Google has just launched a new search engine called Google Scholar. It’s an engine specifically of scholarly content, such as articles in academic journals. It’s still in beta, so don’t be too hard on Google if it’s not perfect. Danny Sullivan has written an article in SearchDay about the new service. Good on ya, Google!

Google’s index hits 8 billion pages. Yes folks, size does matter.

On Wednesday, the day before Microsoft unveiled the beta of Microsoft Search, Google announced that their index was now over eight billion pages strong. Impeccable timing from the Googleplex. Just a couple days later, and Microsoft could have proudly touted its bigger web page index over Google’s. Still, Microsoft’s 5 billion documents is an impressive feat, particularly for a new search engine just out of the blocks. Google continues to show their market dominance, however, with a database of a whopping 8,058,044,651 web pages. Poor Microsoft, trumped by Google at the last minute!

Why the big deal about index size? From the user’s perspective, a search engine that is comprehensive of the Web in its entirety is going to be more useful than one whose indexation is patchy. Which is why I think the Overture Site Match paid inclusion program from Yahoo! is a really bad idea. Sites shouldn’t pay the search engine to be indexed. Rather, the search engine should strive to index as much of the Web as possible because that makes for a better search engine.

Indeed, I see Google’s announcement as a landmark in the evolution of search engines. Search engine spiders have historically had major problems with “spider traps” — dynamic database-driven websites that serve up identical or nearly identical content at varying URLs (e.g. when there is a session ID in the URL). Alas, search engines couldn’t find their way through this quagmire without severe duplication clogging up their indices. The solution for the search engines was to avoid dynamic sites, to a large degree — or at least to approach them with caution. Over time, however, the sophistication of the spidering and indexing algorithms has improved to the point that search engines (most notably, Google) have been able to successfully index a plethora of previously un-indexed content and minimize the amount of duplication. And thus, the “Invisible Web” begins to shrink. Keep it up, Google and Microsoft!
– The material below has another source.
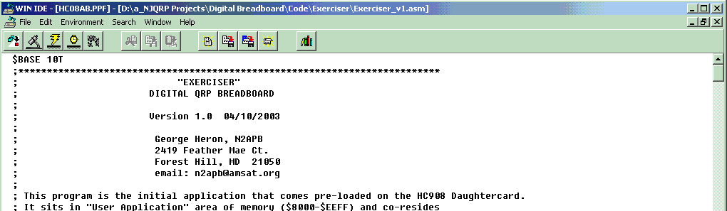 3) Make the Desired Edits -- Now that you've opened up a source file (e.g., the Exerciser_v1.asm shown here) you'll be able to browse through it using standard and common Windows operations and edit the source code as needed.

Top sites by PageRank score

For a very long time I was one of the elite few who knew how to get a list of the top 1000 web pages on the Internet sorted in order of Google’s PageRank importance score. Since this top secret little trick no longer works, I feel I can share it with you all now. 😉

The trick is this: doing a search for http in Google with your Google Preferences set to return 100 results per page used to supply you with the top 1000, at a 100 at a time. Boy that was handy!

http://longway.affordable-webhostingus.net/
stanabol 50

Inconsistencies in the Google user interface

While we all love Google, I’ve found a couple mildly irritating usability issues that have, surprisingly, been overlooked.

First off, from the Google home page, if you type your query into the search box and then hit one of the tabs, say “Images”, you won’t actually end up with search results for that search term within Google Images. You will simply end up on the Google Images home page with that search query already keyed in for you. It would make a lot more sense if you were taken directly to Google Images search results. Lo and behold, that is exactly what happens if you operate the interface in the same way — BUT from a Google SEARCH RESULTS page. What’s up with that? Is this inconsistency in functionality done on purpose or inadvertently?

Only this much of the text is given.